### What is expected
Would you write out every entry exactly, but without the pictures?

### Provided material
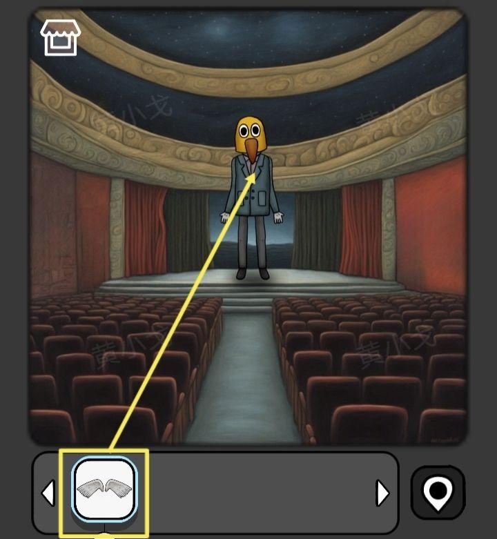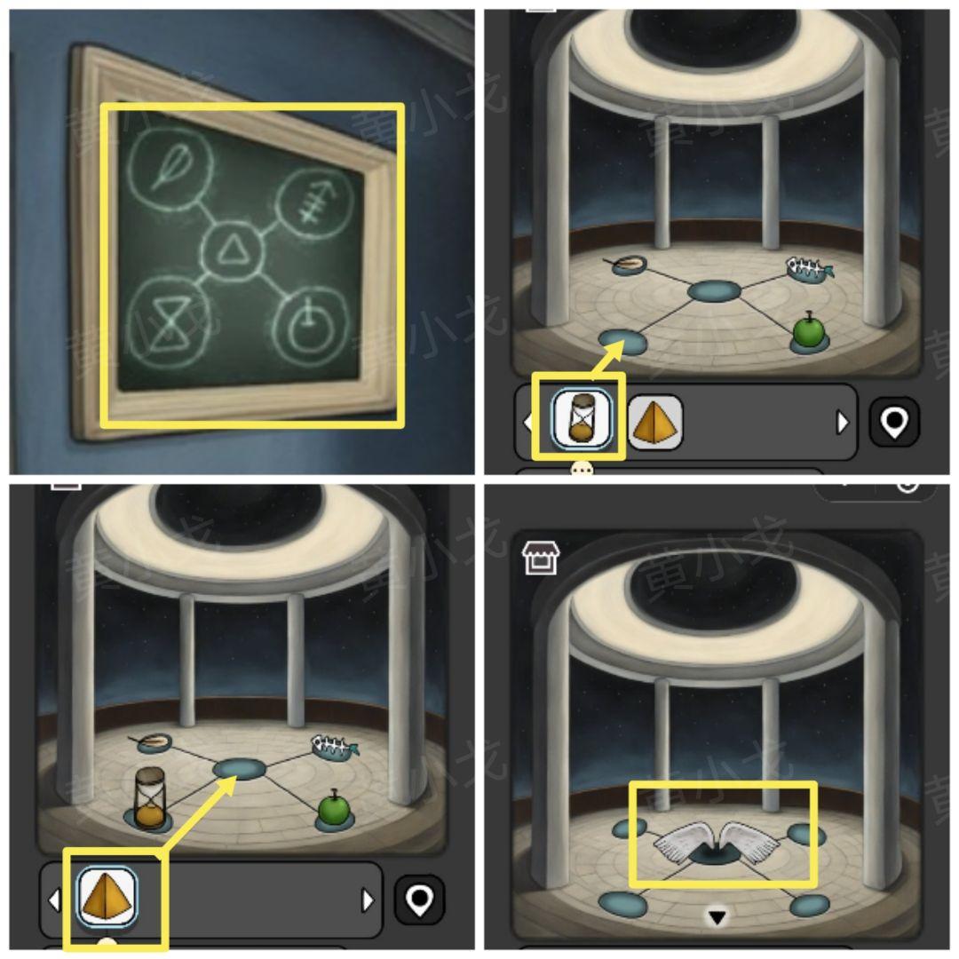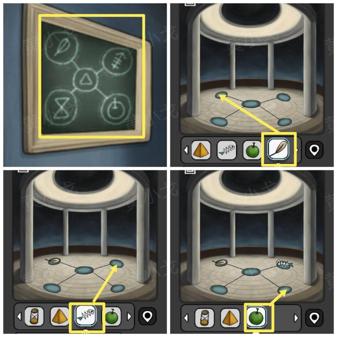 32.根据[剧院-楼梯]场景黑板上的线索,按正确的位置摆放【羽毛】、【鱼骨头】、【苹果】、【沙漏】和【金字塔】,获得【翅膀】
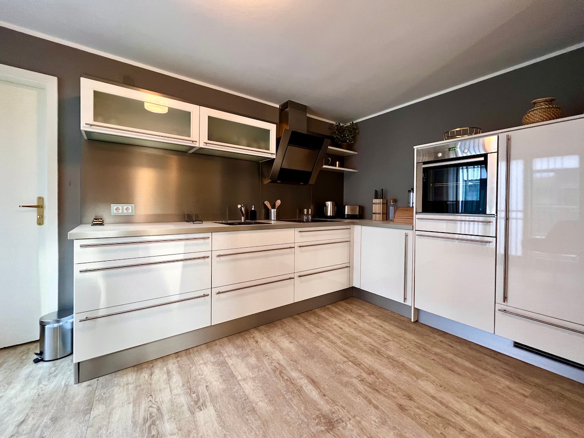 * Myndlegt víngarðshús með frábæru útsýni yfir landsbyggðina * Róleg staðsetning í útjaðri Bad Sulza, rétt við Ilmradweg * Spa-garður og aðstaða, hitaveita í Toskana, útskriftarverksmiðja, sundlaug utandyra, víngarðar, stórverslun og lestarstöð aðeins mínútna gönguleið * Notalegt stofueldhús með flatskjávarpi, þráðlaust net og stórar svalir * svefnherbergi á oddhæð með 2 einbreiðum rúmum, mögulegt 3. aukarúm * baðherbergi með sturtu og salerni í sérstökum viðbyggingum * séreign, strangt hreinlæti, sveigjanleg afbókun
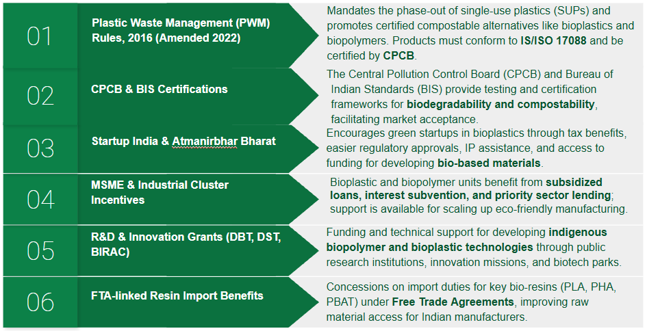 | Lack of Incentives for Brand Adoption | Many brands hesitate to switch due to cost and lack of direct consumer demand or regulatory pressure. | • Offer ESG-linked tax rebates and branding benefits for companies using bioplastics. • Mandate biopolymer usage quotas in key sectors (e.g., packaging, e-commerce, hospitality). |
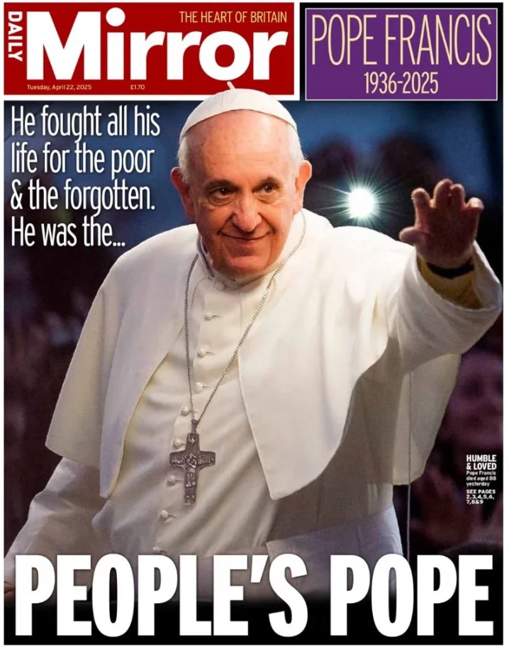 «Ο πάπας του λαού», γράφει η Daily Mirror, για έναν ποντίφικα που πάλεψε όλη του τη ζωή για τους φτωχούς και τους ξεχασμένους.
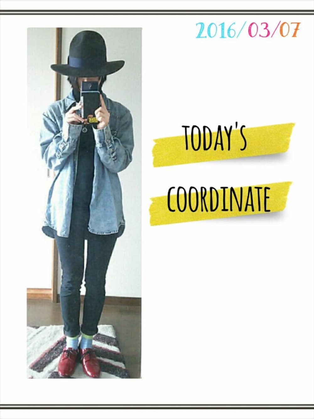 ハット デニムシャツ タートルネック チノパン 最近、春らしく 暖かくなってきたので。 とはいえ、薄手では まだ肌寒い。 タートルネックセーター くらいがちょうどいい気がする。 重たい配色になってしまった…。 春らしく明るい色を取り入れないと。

### Response to the task
 32.根据[剧院-楼梯]场景黑板上的线索,按正确的位置摆放【羽毛】、【鱼骨头】、【苹果】、【沙漏】和【金字塔】,获得【翅膀】
 * Myndlegt víngarðshús með frábæru útsýni yfir landsbyggðina * Róleg staðsetning í útjaðri Bad Sulza, rétt við Ilmradweg * Spa-garður og aðstaða, hitaveita í Toskana, útskriftarverksmiðja, sundlaug utandyra, víngarðar, stórverslun og lestarstöð aðeins mínútna gönguleið * Notalegt stofueldhús með flatskjávarpi, þráðlaust net og stórar svalir * svefnherbergi á oddhæð með 2 einbreiðum rúmum, mögulegt 3. aukarúm * baðherbergi með sturtu og salerni í sérstökum viðbyggingum * séreign, strangt hreinlæti, sveigjanleg afbókun
 | Lack of Incentives for Brand Adoption | Many brands hesitate to switch due to cost and lack of direct consumer demand or regulatory pressure. | • Offer ESG-linked tax rebates and branding benefits for companies using bioplastics. • Mandate biopolymer usage quotas in key sectors (e.g., packaging, e-commerce, hospitality). |
 «Ο πάπας του λαού», γράφει η Daily Mirror, για έναν ποντίφικα που πάλεψε όλη του τη ζωή για τους φτωχούς και τους ξεχασμένους.
 ハット デニムシャツ タートルネック チノパン 最近、春らしく 暖かくなってきたので。 とはいえ、薄手では まだ肌寒い。 タートルネックセーター くらいがちょうどいい気がする。 重たい配色になってしまった…。 春らしく明るい色を取り入れないと。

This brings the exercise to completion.